### Work instructions
The copy you return should hold only the lines from the top of the data below through the line with "In Guilt, people", each duplicated exactly and with no pictures.

Start of Given data

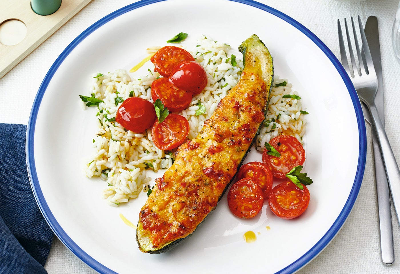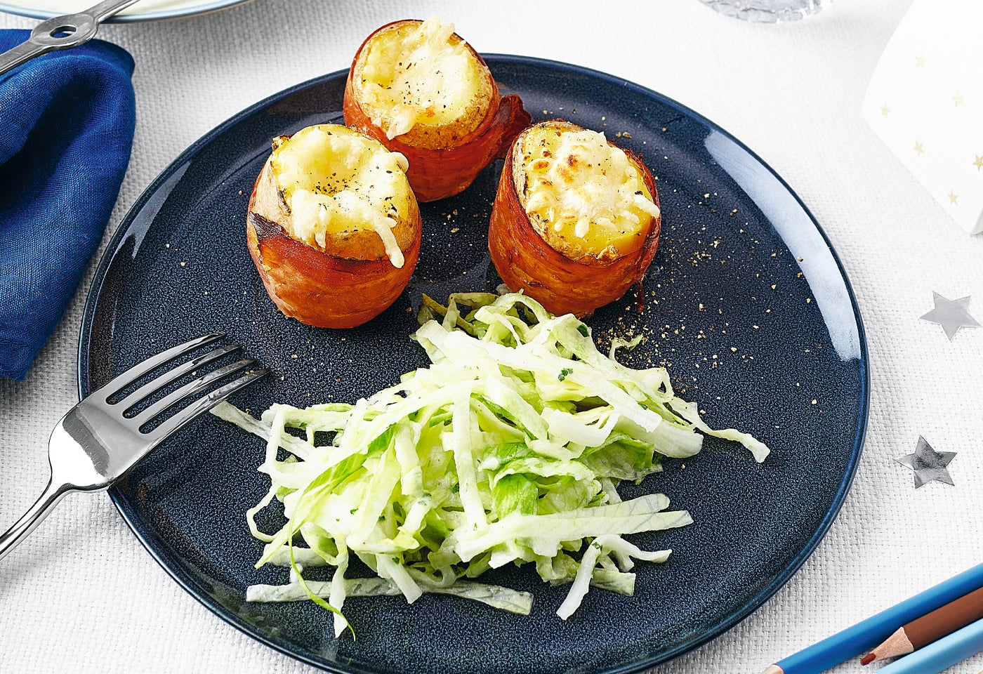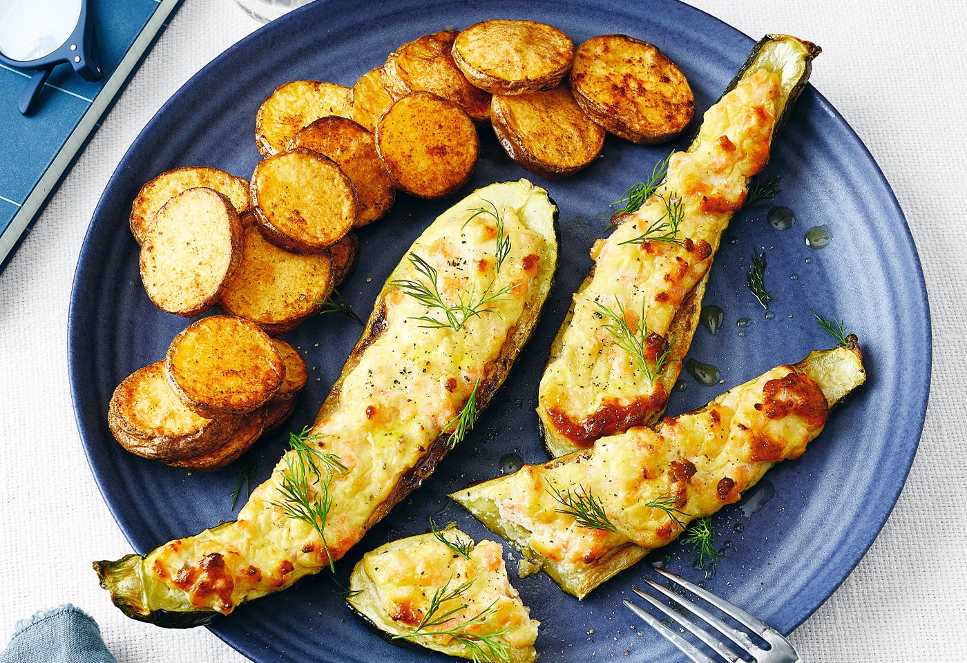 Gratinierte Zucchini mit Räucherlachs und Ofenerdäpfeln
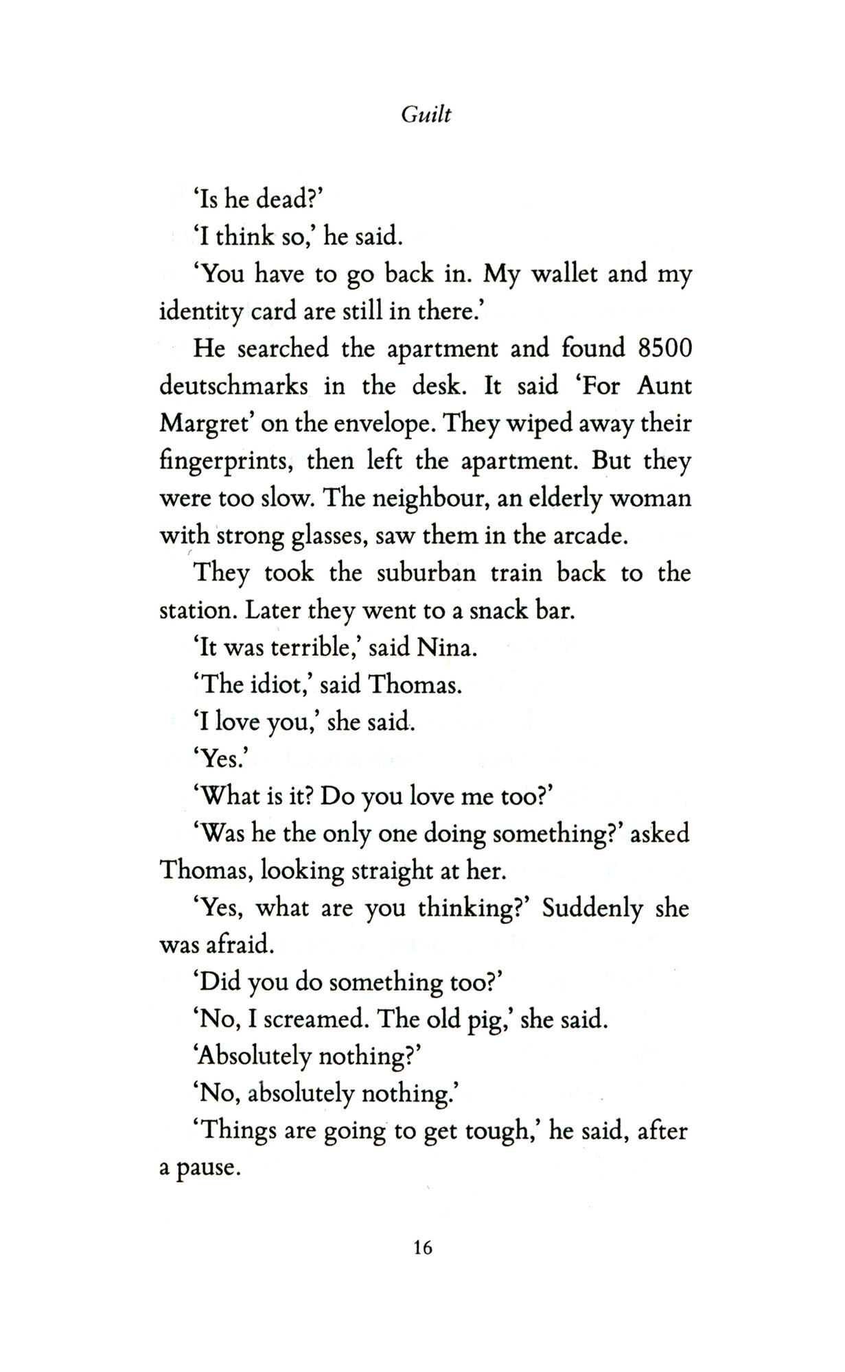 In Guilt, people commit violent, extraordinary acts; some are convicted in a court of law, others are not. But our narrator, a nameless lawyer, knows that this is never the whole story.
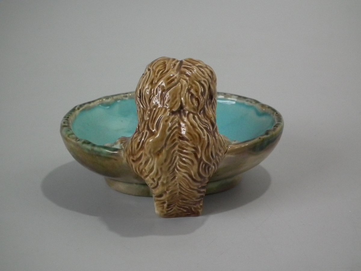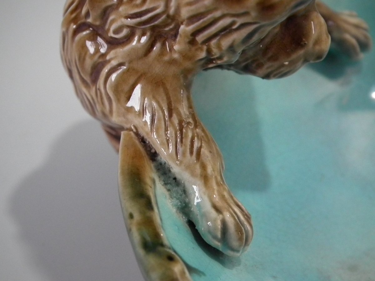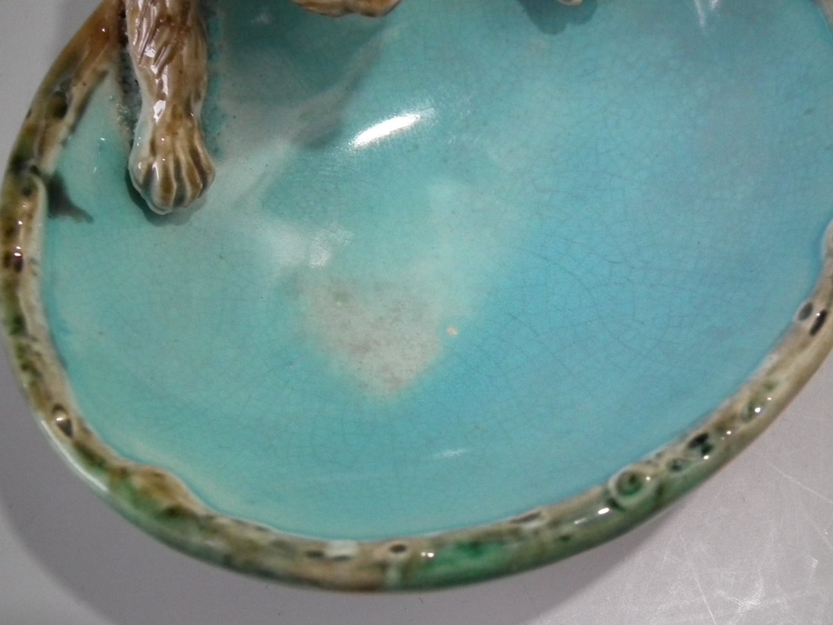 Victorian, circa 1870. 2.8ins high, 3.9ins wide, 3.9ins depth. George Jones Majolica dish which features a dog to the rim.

End of Given data

### Response for this exercise
 Gratinierte Zucchini mit Räucherlachs und Ofenerdäpfeln
 In Guilt, people commit violent, extraordinary acts; some are convicted in a court of law, others are not. But our narrator, a nameless lawyer, knows that this is never the whole story.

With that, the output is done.